**WORK TO BE COMPLETED**. Each line in the records below, from the one that contains "Corail enregistrer la" to the one that contains "第一节课由花园实小陈莉梅老师", should be reproduced exactly, the first and last included.

**INFORMATION SHOWN**.
——————————

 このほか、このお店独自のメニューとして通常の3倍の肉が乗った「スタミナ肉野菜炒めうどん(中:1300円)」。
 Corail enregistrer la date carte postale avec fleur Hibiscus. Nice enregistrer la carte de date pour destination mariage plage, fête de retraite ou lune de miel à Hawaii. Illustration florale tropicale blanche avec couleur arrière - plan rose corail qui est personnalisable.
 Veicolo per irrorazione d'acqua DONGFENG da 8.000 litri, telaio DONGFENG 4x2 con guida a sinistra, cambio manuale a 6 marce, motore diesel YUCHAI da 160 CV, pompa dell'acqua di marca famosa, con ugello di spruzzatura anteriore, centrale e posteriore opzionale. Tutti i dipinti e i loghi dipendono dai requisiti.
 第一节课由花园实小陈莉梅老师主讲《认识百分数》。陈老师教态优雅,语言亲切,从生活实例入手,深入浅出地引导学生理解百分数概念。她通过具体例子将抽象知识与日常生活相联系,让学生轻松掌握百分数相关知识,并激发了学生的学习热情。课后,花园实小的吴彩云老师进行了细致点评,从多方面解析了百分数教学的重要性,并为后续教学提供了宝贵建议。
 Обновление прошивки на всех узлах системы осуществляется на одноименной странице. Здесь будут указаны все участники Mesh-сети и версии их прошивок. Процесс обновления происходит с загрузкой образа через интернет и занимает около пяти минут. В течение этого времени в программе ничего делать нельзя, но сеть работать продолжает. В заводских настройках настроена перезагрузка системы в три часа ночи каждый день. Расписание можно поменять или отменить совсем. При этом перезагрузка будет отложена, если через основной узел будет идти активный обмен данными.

——————————

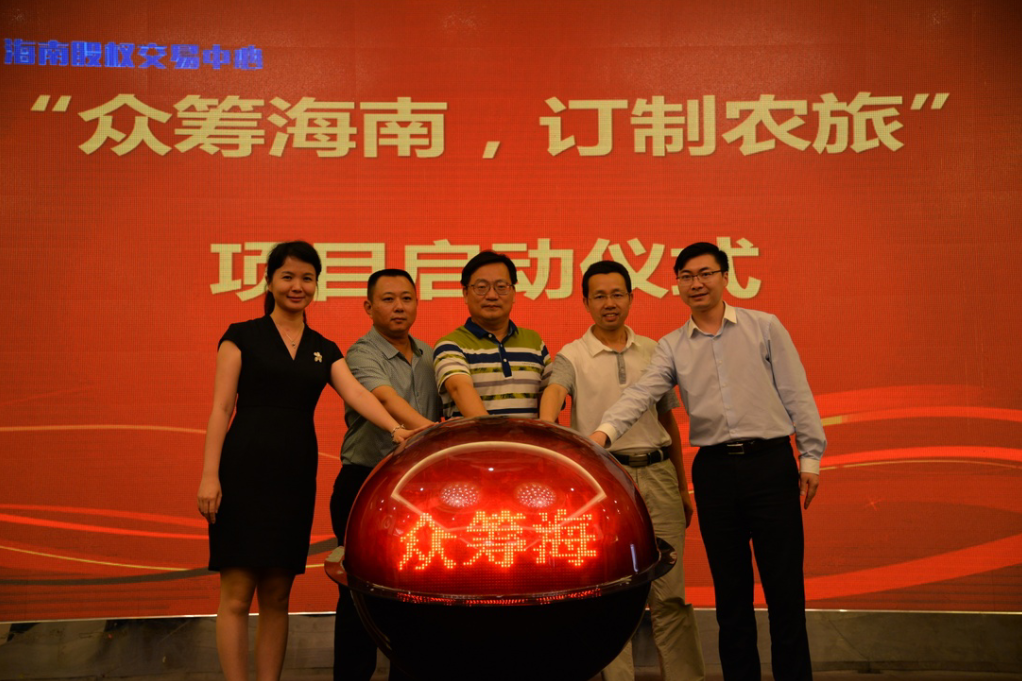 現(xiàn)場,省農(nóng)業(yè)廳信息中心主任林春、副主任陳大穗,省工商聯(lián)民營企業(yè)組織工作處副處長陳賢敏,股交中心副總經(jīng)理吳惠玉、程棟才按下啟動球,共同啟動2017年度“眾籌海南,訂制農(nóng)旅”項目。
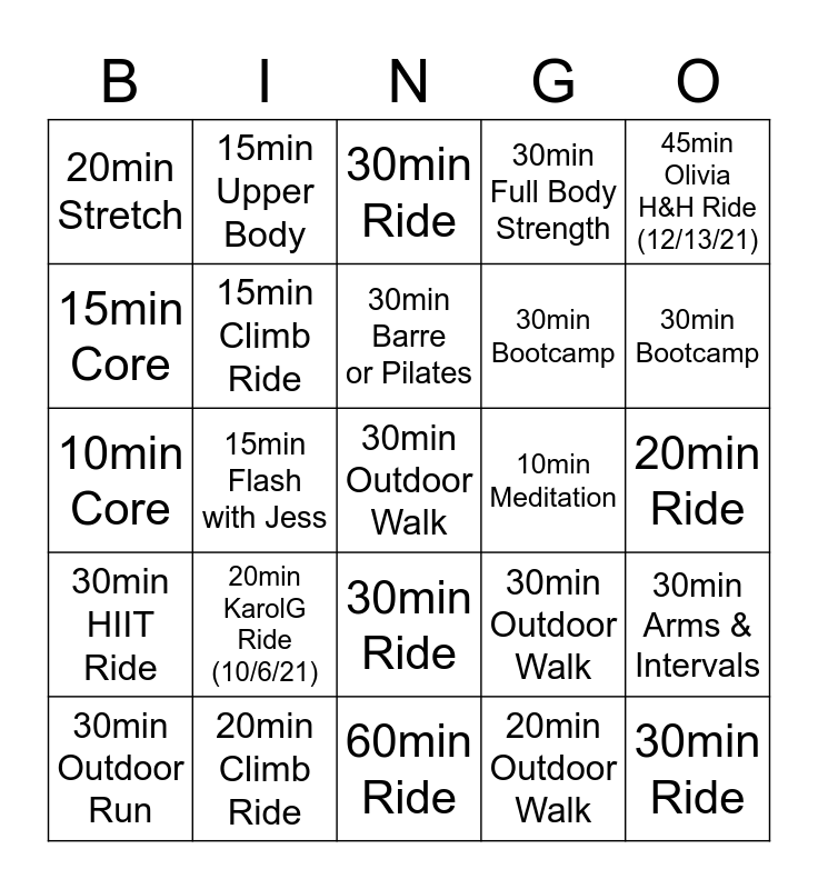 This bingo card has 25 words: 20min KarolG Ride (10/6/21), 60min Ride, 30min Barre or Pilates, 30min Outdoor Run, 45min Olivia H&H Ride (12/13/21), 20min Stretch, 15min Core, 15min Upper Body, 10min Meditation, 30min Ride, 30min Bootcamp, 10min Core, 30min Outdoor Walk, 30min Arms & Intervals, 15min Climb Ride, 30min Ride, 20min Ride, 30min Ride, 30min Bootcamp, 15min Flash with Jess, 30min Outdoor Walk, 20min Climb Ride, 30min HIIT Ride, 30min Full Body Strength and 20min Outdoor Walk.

——————————

**TASK SOLUTION**.
 Corail enregistrer la date carte postale avec fleur Hibiscus. Nice enregistrer la carte de date pour destination mariage plage, fête de retraite ou lune de miel à Hawaii. Illustration florale tropicale blanche avec couleur arrière - plan rose corail qui est personnalisable.
 Veicolo per irrorazione d'acqua DONGFENG da 8.000 litri, telaio DONGFENG 4x2 con guida a sinistra, cambio manuale a 6 marce, motore diesel YUCHAI da 160 CV, pompa dell'acqua di marca famosa, con ugello di spruzzatura anteriore, centrale e posteriore opzionale. Tutti i dipinti e i loghi dipendono dai requisiti.
 第一节课由花园实小陈莉梅老师主讲《认识百分数》。陈老师教态优雅,语言亲切,从生活实例入手,深入浅出地引导学生理解百分数概念。她通过具体例子将抽象知识与日常生活相联系,让学生轻松掌握百分数相关知识,并激发了学生的学习热情。课后,花园实小的吴彩云老师进行了细致点评,从多方面解析了百分数教学的重要性,并为后续教学提供了宝贵建议。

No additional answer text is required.